Apart from its evocative imagery, Joyce had her own vaguely pioneering reason for using the 1830s technology of daguerreotype. “I wanted to do a form of photography that had never been made in Antarctica. By the time they got there it was a completely redundant technology.” But this avowed “feminist artist” is repelled by “all the guys with the beards and the flags, going out there to carve up the land. It was a narrative completely closed off to women, anybody of colour and almost everybody in the world that was not a part of that heroic colonial narrative.”

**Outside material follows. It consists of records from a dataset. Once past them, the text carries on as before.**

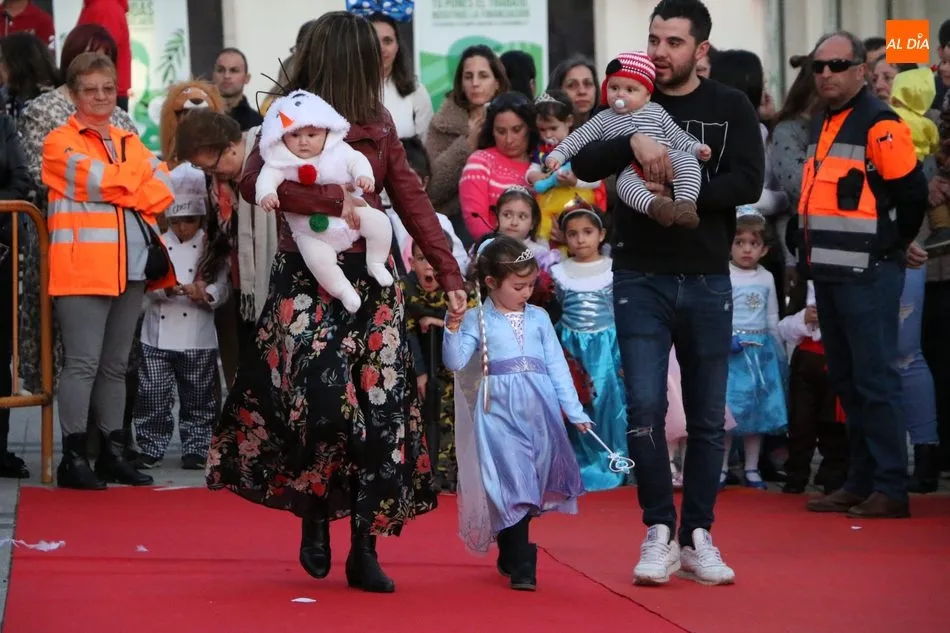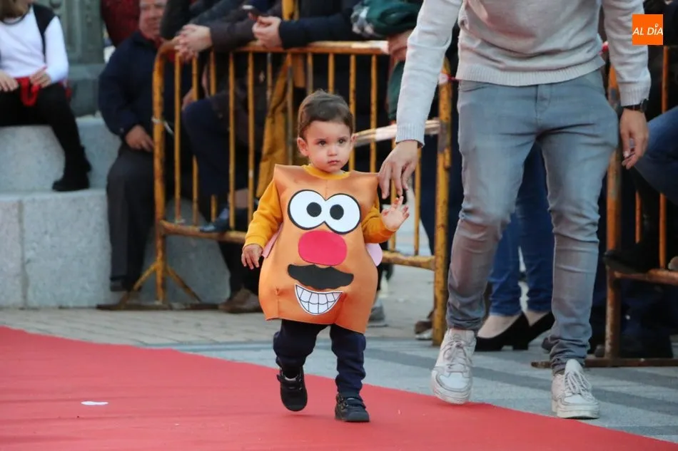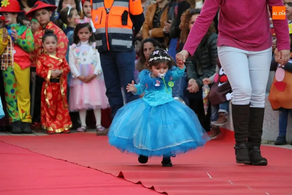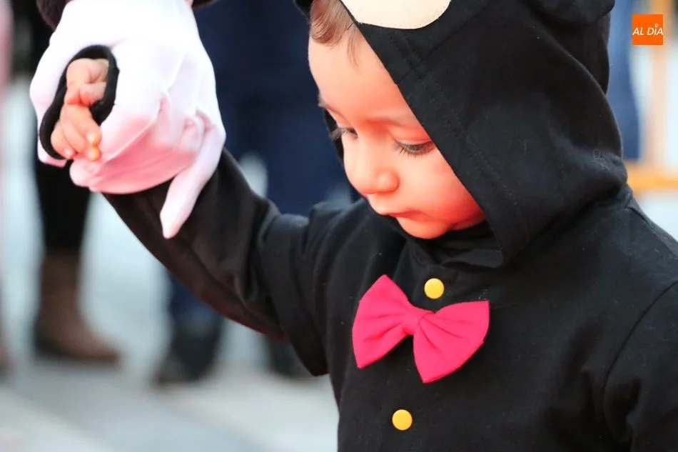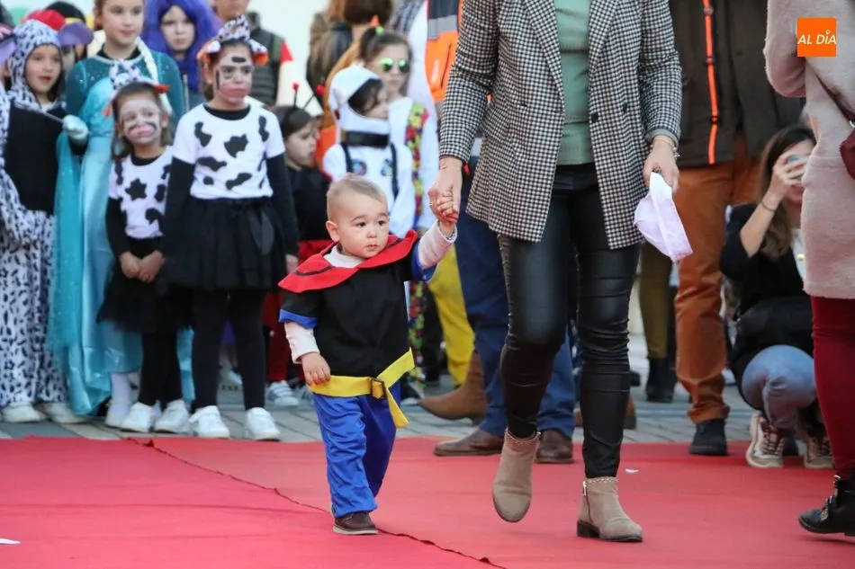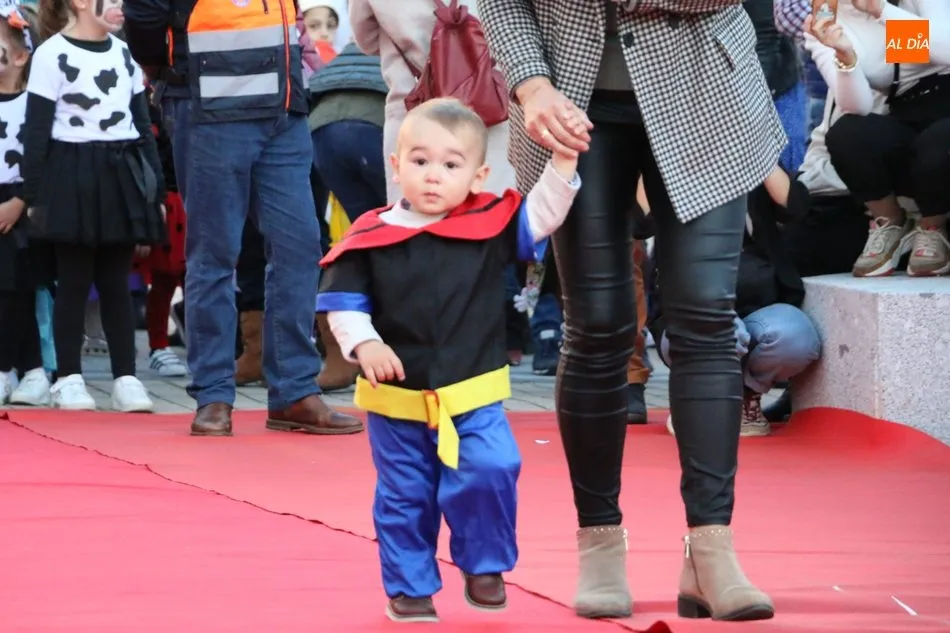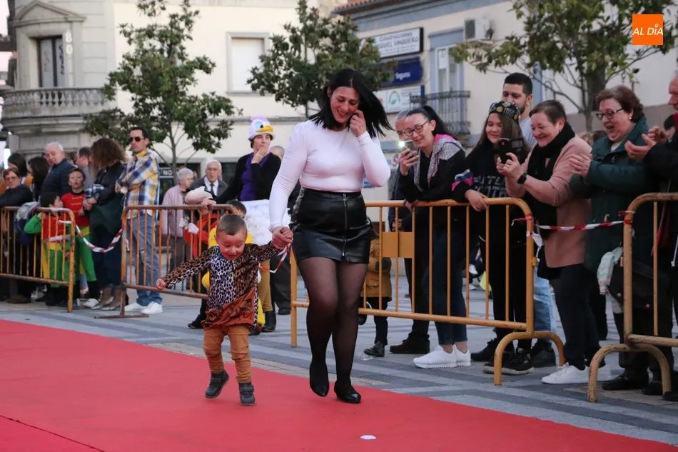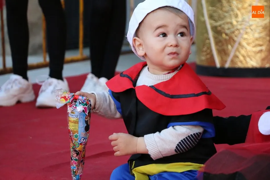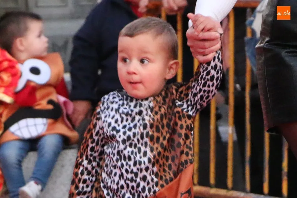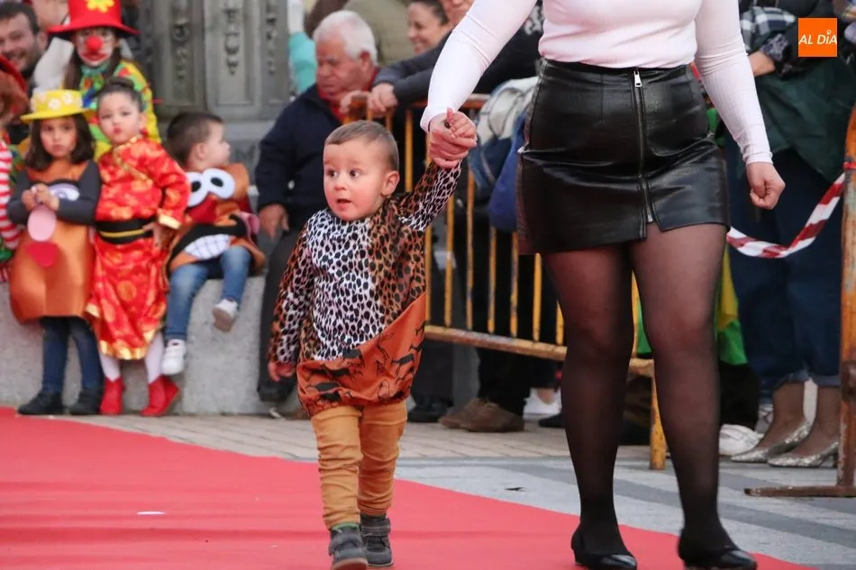 Ahora, eran los más pequeños de Vitigudino los que centraban las miradas de sus padres y abuelos, también de algún que otro hermano, durante un colorido desfile que recorría de una punta a la otra la Plaza del Ayuntamiento, un esfuerzo para algunos y un placer para la mayoría, que demostraban ya su destreza para las pasarelas, incluso hubo quien casi daría aquí sus primeros pasos, aunque todos recibieron como recompensa el aplauso del público, además de una bolsa de chuches, casi lo más agradecido.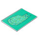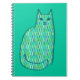 Notebook with a Mid-Century Modern, retro cat design, in an abstract ribbon pattern - mint, lime green, aqua and turquoise, outlined in dark teal, on a medium mint green / peacock green background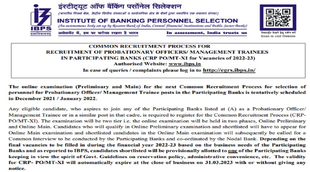 IBPS PO Recruitment 2021: बैंकिंग कार्मिक चयन संस्थान (IBPS) ने प्रोबेशनरी ऑफिसर / मैनेजमेंट ट्रेनी (पीओ / एमटी) की भर्ती के लिए ऑनलाइन आवेदन लिंक एक्टिव कर दिया है। उम्मीदवार इस भर्ती प्रक्रिया के लिए बैंकिंग कार्मिक चयन संस्थान (IBPS) की ऑफिशियल वेबसाइट ibps.in पर 10 नवंबर 2021 तक आवेदन कर सकते हैं।

Joyce has seen the effects of environmental degradation and colonialism around Los Angeles, where she studied and worked for a decade, and in the Wairoa area, where she grew up on a farm.
Respect for the environment was instilled in her early by her grandmother, a “wild lady” who was “quite a pioneer in eco-farming, a true 19th-century character.” She was also a model of uncompromising feminism. “She was apparently the first woman to independently purchase land on the East Coast. She was able to break into a completely male-dominated scene.”

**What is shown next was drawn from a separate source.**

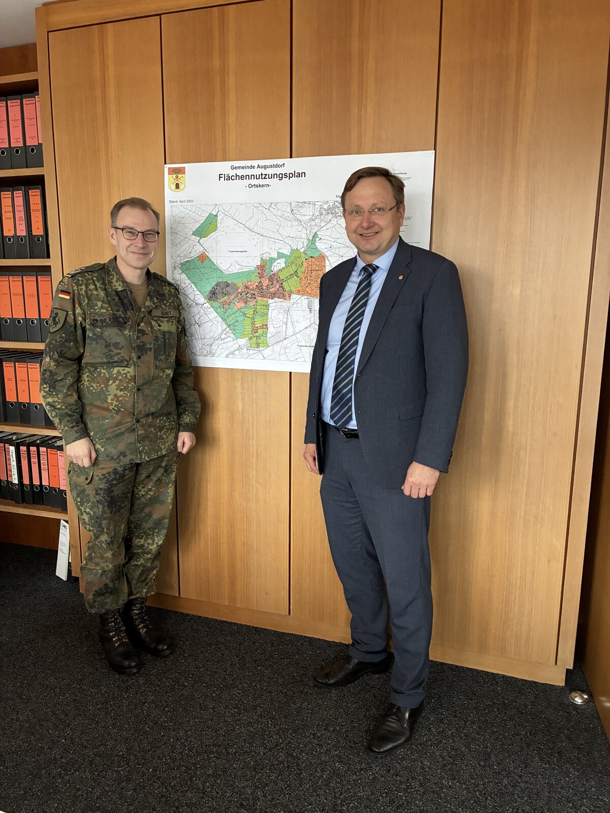 Bürgermeister Dr. Andreas J. Wulf begrüßte ihn herzlich in Augustdorf, wünschte alles Gute in der neuen Verwendung und stellte die Sennegemeinde mit ihren Besonderheiten und Bedarfen vor. Er hob die enge Verbundenheit Augustdorfs mit dem Bundeswehrstandort und der Brigade hervor.

Her grandma was “very embedded in the Māori community”, and Joyce has built on those relationships, working for the past decade in the Ruakaturi Valley with kaumātua Richard Niania of Ngāti Kōhatu hapū (Ngāti Kahungunu), spawning the collaborative project Te Taniwha. It honours the hapū’s history and surrounding Te Ao Tūroa through the wairua of their revered taniwha Hinekōrako. Richard is the kaitiaki (guardian) of the sacred kōrero (stories) associated with Hinekōrako and of manuscripts of legendary religious leader Te Kooti. His great-great-grandfather guided Te Kooti’s “Whakarau” as they passed through the area into Te Urewera, miraculously defeating and eluding the pursuing colonial army.

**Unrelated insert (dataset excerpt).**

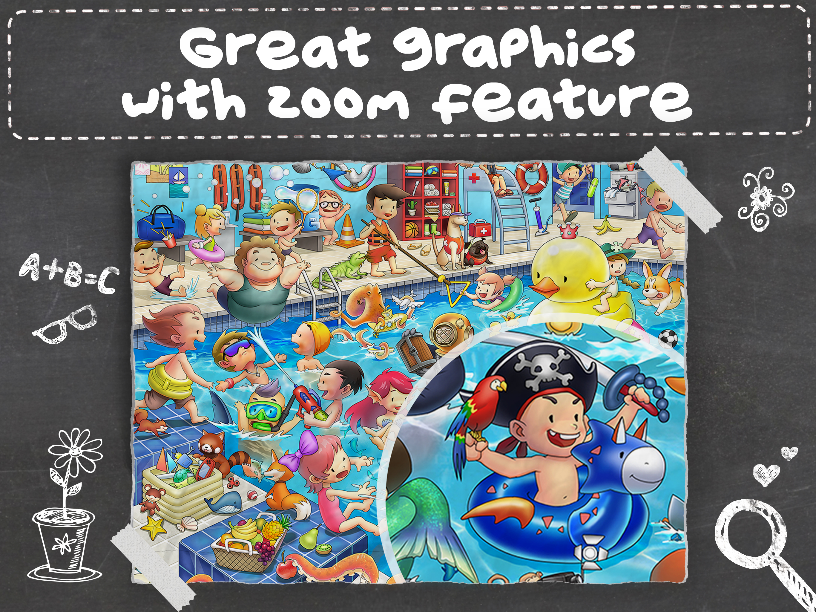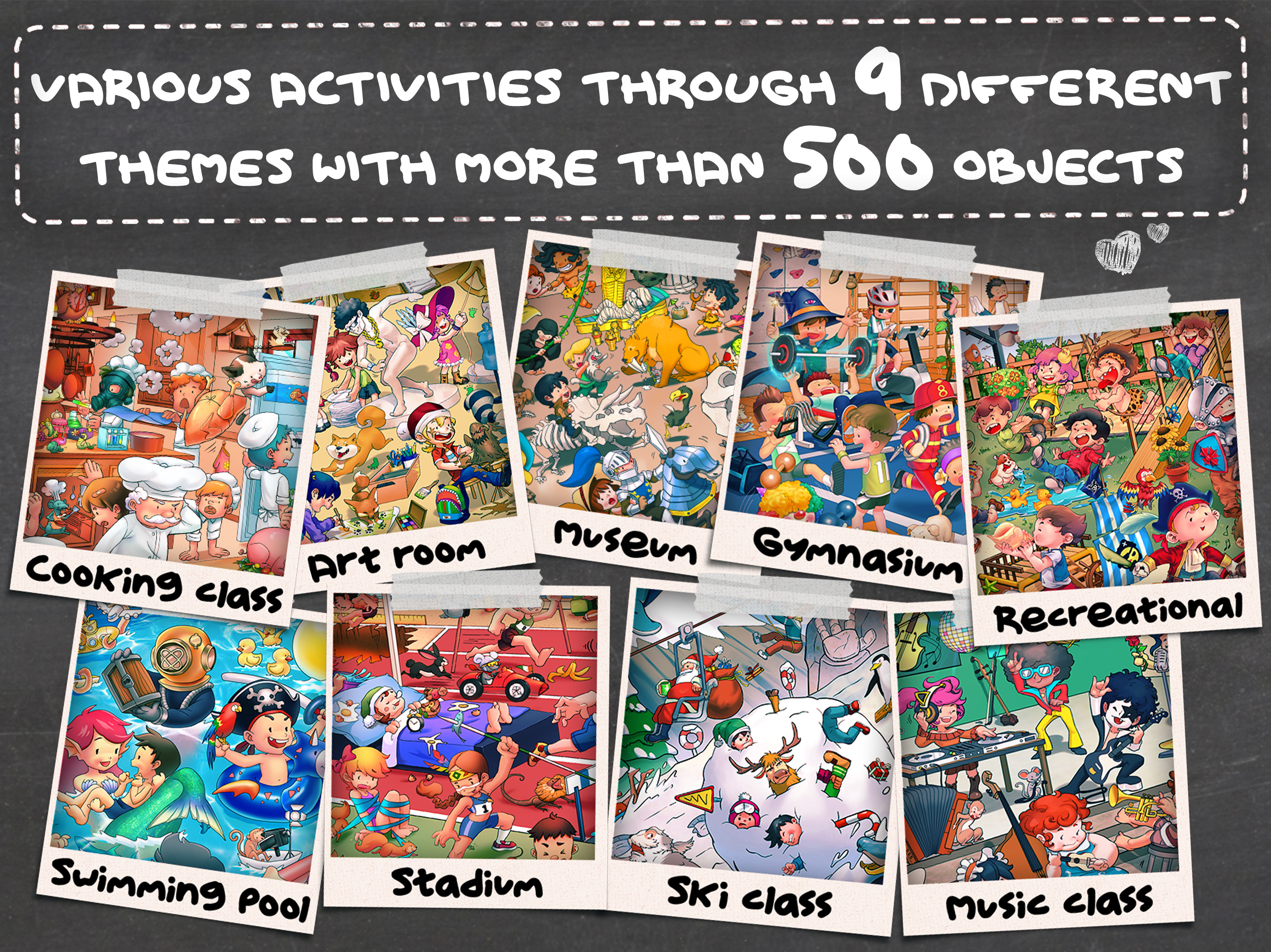 Look & Find: School Activities helps to build child's vocabulary with more than 500 objects in 9 different themes based on interesting activities at school -- the cooking class, the art room, the stadium, the swimming pool, the museum, the music class, and the playground. Zoom feature and randomly displayed objects make the game more interesting. The game is available in 11 languages – children can also learn foreign languages.

Te Taniwha integrates the kōrero with Joyce’s imagery. The mysterious yet strangely immediate daguerreotypes and ambrotypes once again seduce you into a state of nature-awe, but under this beauty lurks the spectre of ongoing post-colonial disruption of the ancient ecology.
This work infuses her recent twin exhibitions recently at Auckland’s Two Rooms and Te Uru, which spring from her On the Last Afternoon, shown at Wellington’s Adam Art Gallery last year alongside Richard and Joyce’s Te Taniwha: The Manuscript of Ārikirangi. This featured the Hinekōrako kōrero and the first public showing of the Te Kooti manuscripts, long cared for by Richard’s whānau.
The “technocapitalist” destruction of Earth’s ecology continues to loom large in Joyce’s work, though she thinks getting out of this “capitalist frenzy” may ironically need more technology. “The people who got us in this shit are gonna have to hook us out again.”
This – and now the covid crisis – make Joyce worry about our young people. At Elam, where she is an associate professor, her students are “stressed to the max” as they face an uncertain future and struggle to simply survive. “It’s been a horrible year to be a teacher in fine arts. It’s fundamentally tactile social work. It was hard to reach out to them, to bring them close, to look after them.” She sees a whole generation of “incredibly sophisticated people emerging as everything teeters and falls.”
There’s no sign Joyce is teetering, though, and she insists “we all have a part to play” in saving our desecrated planet. “I cannot stop working. None of us can stop working because then we’re done, and I’ve got babies,” she says, smiling for a moment. “We’ve all got babies. We need to face the full trauma of our situation.”